Segment Start: Data extracts

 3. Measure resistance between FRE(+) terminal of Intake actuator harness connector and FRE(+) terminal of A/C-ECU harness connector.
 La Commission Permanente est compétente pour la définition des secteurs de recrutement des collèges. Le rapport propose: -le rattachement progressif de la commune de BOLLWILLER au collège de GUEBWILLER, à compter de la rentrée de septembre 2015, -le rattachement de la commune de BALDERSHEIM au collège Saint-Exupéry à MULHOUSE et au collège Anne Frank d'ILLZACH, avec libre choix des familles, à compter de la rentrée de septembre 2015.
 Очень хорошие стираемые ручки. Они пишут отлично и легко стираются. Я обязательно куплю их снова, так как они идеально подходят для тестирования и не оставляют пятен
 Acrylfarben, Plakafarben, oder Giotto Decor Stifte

Segment End: Data extracts
Segment Start: Data extracts

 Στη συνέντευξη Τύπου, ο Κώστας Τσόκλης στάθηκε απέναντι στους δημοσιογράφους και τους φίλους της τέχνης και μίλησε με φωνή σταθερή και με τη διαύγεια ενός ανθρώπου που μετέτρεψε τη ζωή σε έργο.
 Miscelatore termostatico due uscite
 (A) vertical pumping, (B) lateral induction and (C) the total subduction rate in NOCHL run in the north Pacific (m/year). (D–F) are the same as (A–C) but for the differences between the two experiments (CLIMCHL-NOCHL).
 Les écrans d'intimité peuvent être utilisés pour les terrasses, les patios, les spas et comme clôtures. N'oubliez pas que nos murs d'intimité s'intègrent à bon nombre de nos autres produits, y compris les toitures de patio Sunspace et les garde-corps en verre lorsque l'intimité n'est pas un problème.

Segment End: Data extracts

Problem to work on — Find every line in the records above that holds the word "between", and copy each one.

Answer to the exercise —
 3. Measure resistance between FRE(+) terminal of Intake actuator harness connector and FRE(+) terminal of A/C-ECU harness connector.
 (A) vertical pumping, (B) lateral induction and (C) the total subduction rate in NOCHL run in the north Pacific (m/year). (D–F) are the same as (A–C) but for the differences between the two experiments (CLIMCHL-NOCHL).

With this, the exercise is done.